The language of potency and act provides metaphysical terminology to describe the relation between who we are as human beings and what well-designed furniture does to us. Human beings are in potency of being upright and at attention or slack and relaxed (both physically and morally). This is because rectitude and slackness are possibilities allowed for by our nature. If a person is actually upright, that potency is actualized (“in act”). We are indeed disciplined by the world around us, but this fact does not change our humanity. Rather, it makes us certain kinds of humans, by actualizing certain potencies in certain ways. Boot camp may lack soft chairs precisely because it aims to accentuate and develop a recruit’s potency for being at attention. A library has them because it wants to encourage the relaxation of the body that allows for intellectual focus.
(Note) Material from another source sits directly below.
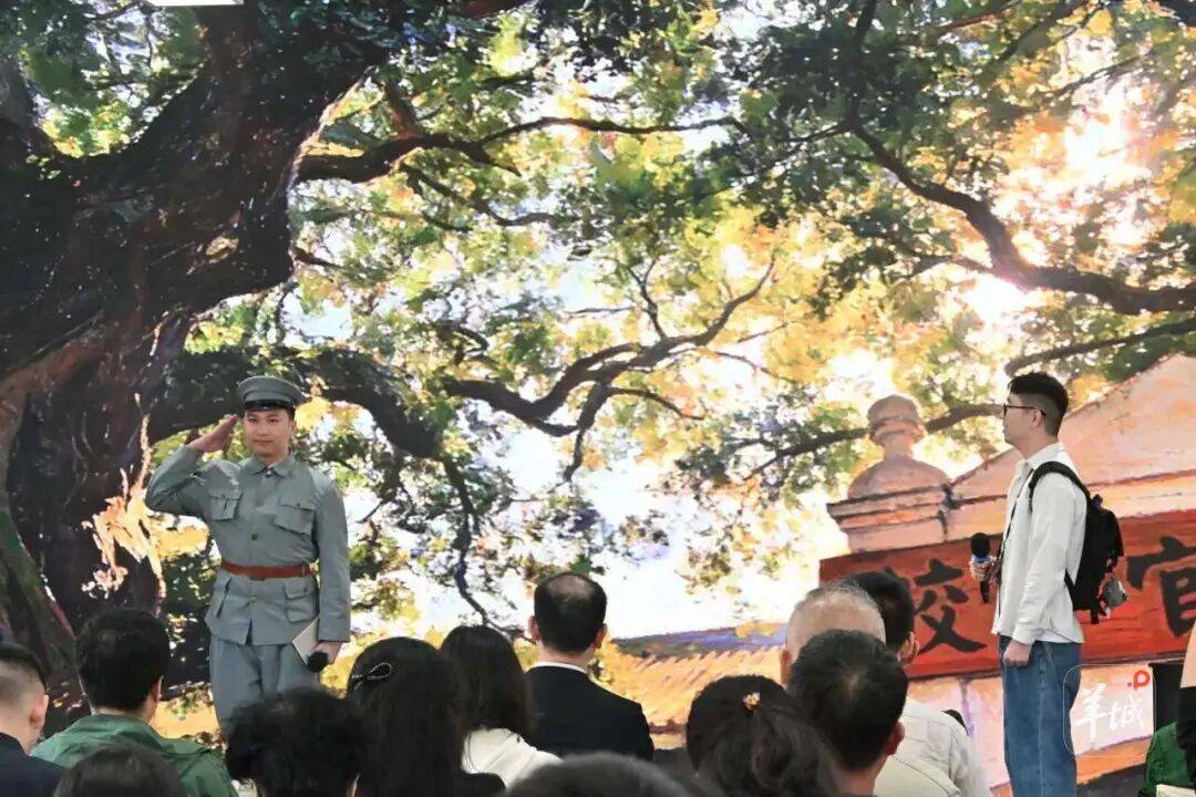 情景短剧《榕树下》以校门前200多岁的古榕树为叙事载体,通过黄埔青年榕下求学、历史讲解、跨时空对话等场景,生动再现百年前黄埔学子以笔为戎、矢志救国的热血画面,让观众在沉浸式演绎中感悟古榕承载的黄埔精神。

The classical terminology of potency and act is relevant because Foucault is riding on its coattails with his language of “power.” He believed that the entire theory of the metaphysical structure of things—matter and form, potency and act, natures—is itself an artifact of cultural conditioning, given shape by power-relations in the Greco-Roman world and, later, in Christian societies. Foucault insists that there is nothing deeper than power. Nothing resides within us as an innate potency; there is only that which acts upon us from the outside, like the blacksmith’s hammer blows, which give form to the iron ingot. Thus, for Foucault, external power is the real and sole metaphysical structure, which replaces the potency of nature and its innate capacity to be actualized.
In a word, Foucault exchanges nature for artifice. The metaphysical interiority of the person is traded out for the actions of power in shaping the person. Philosopher Gilles Deleuze, a friend of Foucault, puts it this way: “The inside is an outside operation.”